[[ INPUT DATA open ]]
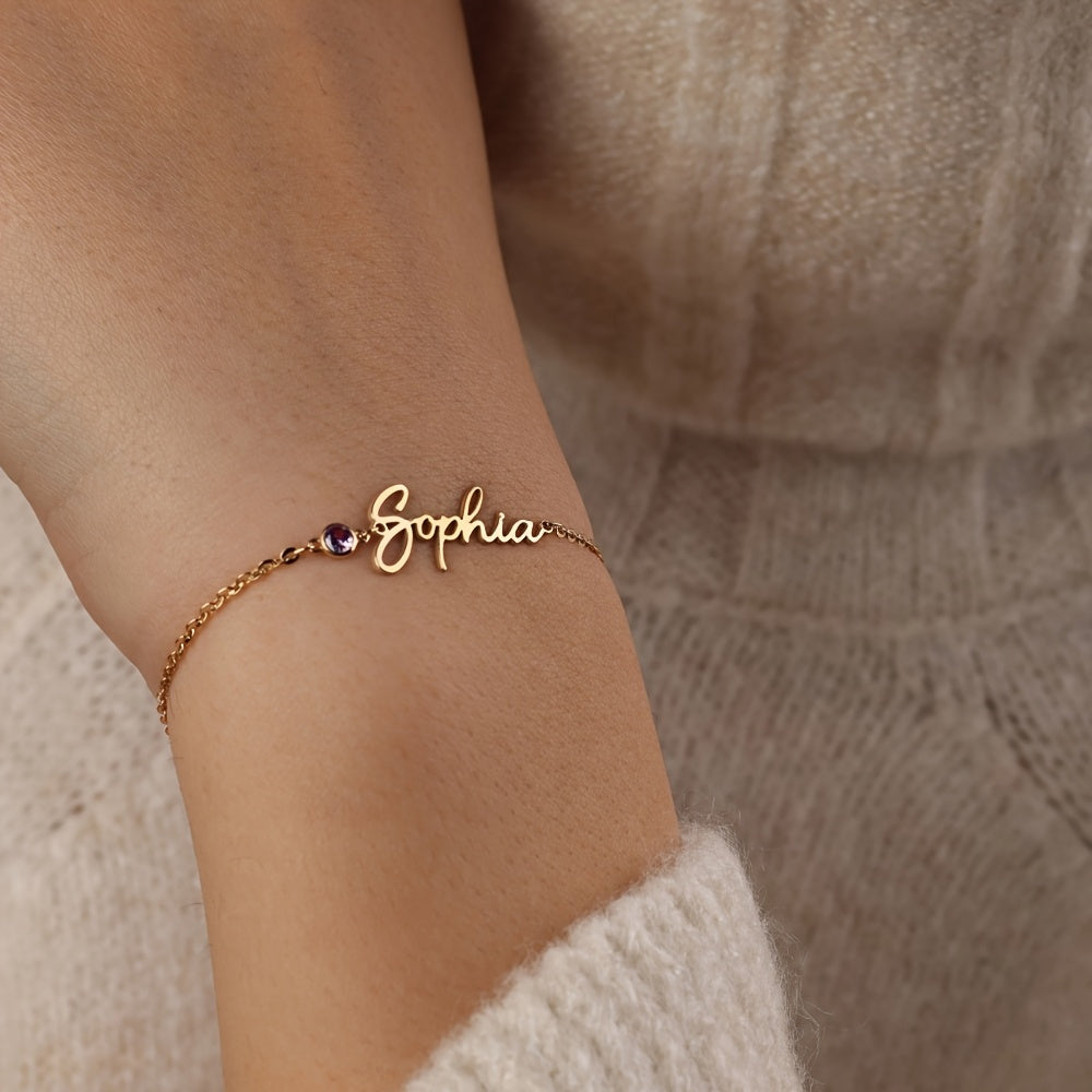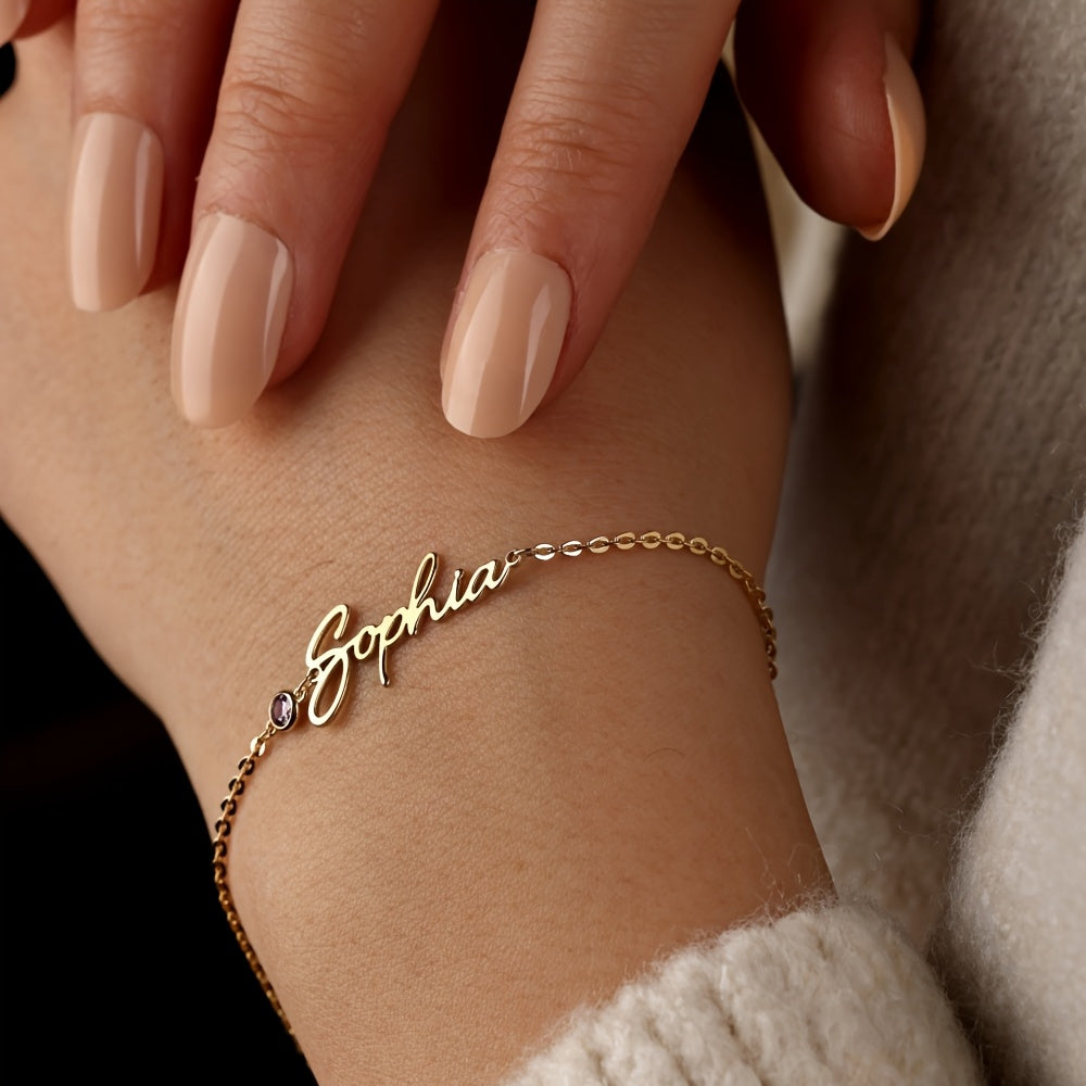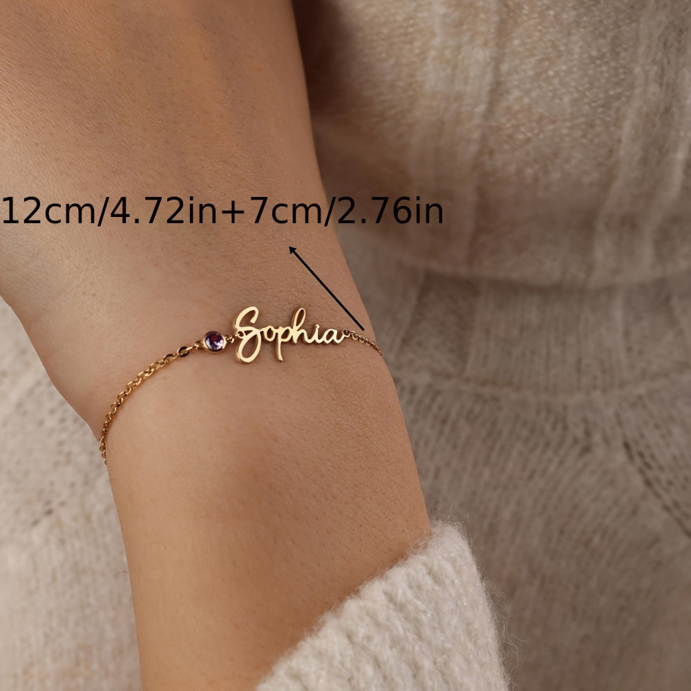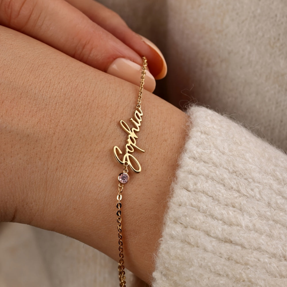 Zarif 18K Oltin Qoplamali Noxush Po'lat Ism Bilaguzuk, Sintetik Zirkoniya bilan, Vintage Uslubida Maxsus Tug'ilgan Kuni Zargarlik Buyumlari Har Kunlik Kiymak va Maxsus Tadbirlar Uchun
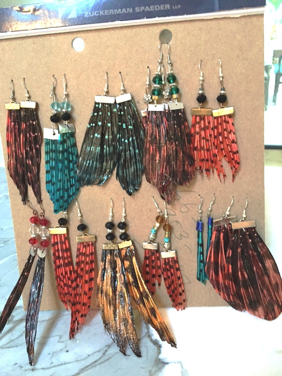 The workshop participants were provided with a set of jewelry-making tools as well as a starter kit of beads, jewelry hooks and wire, and dried fins and tails. It was inspiring to see their confidence grow over the three days. Only a few of them had any prior jewelry-making experience, but by the end of the first day, each of them had crafted three pairs of earrings, following models provided by Paolvi. Later in the week, she showed them how to use local materials, such as fishing wire, cut-outs from tin cans, bottle caps, etc. in lieu of commercial materials. At the end of the workshop, each of them had produced at least a half a dozen pieces, many of unique design.
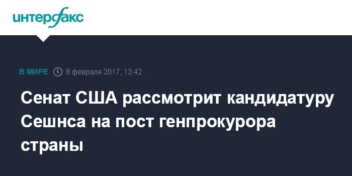 Москва. 8 февраля. INTERFAX.RU - Сенат США в среду проведет финальное голосование по кандидатуре сенатора Джеффа Сешнса, претендующего на пост генпрокурора страны, сообщает агентство Associated Press.
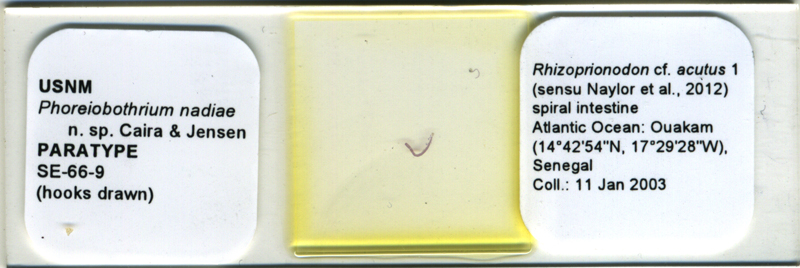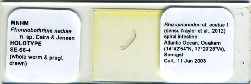 | Type Material | Holotype (MNHN No. HEL547; whole mount of mature worm) and 1 paratype (MNHN No. HEL548; whole mount of 1 mature worm); 3 paratypes (USNM Nos. 1283350–1283352; whole mounts of 1 mature and 2 immature worms); 4 paratypes (LRP Nos. 8750–8753; whole mounts of 1 mature, 1 immature, 1 incomplete worm, and whole-mounted SEM strobilar voucher). Scolex examined with SEM retained at the University of Kansas. |
[[ INPUT DATA closed ]]
§ **WHAT YOU HAVE TO DO**
Retype the material in full, exactly as written, and exclude the pictures.

§ **SOLUTION TO THIS EXERCISE**
 Zarif 18K Oltin Qoplamali Noxush Po'lat Ism Bilaguzuk, Sintetik Zirkoniya bilan, Vintage Uslubida Maxsus Tug'ilgan Kuni Zargarlik Buyumlari Har Kunlik Kiymak va Maxsus Tadbirlar Uchun
 The workshop participants were provided with a set of jewelry-making tools as well as a starter kit of beads, jewelry hooks and wire, and dried fins and tails. It was inspiring to see their confidence grow over the three days. Only a few of them had any prior jewelry-making experience, but by the end of the first day, each of them had crafted three pairs of earrings, following models provided by Paolvi. Later in the week, she showed them how to use local materials, such as fishing wire, cut-outs from tin cans, bottle caps, etc. in lieu of commercial materials. At the end of the workshop, each of them had produced at least a half a dozen pieces, many of unique design.
 Москва. 8 февраля. INTERFAX.RU - Сенат США в среду проведет финальное голосование по кандидатуре сенатора Джеффа Сешнса, претендующего на пост генпрокурора страны, сообщает агентство Associated Press.
 | Type Material | Holotype (MNHN No. HEL547; whole mount of mature worm) and 1 paratype (MNHN No. HEL548; whole mount of 1 mature worm); 3 paratypes (USNM Nos. 1283350–1283352; whole mounts of 1 mature and 2 immature worms); 4 paratypes (LRP Nos. 8750–8753; whole mounts of 1 mature, 1 immature, 1 incomplete worm, and whole-mounted SEM strobilar voucher). Scolex examined with SEM retained at the University of Kansas. |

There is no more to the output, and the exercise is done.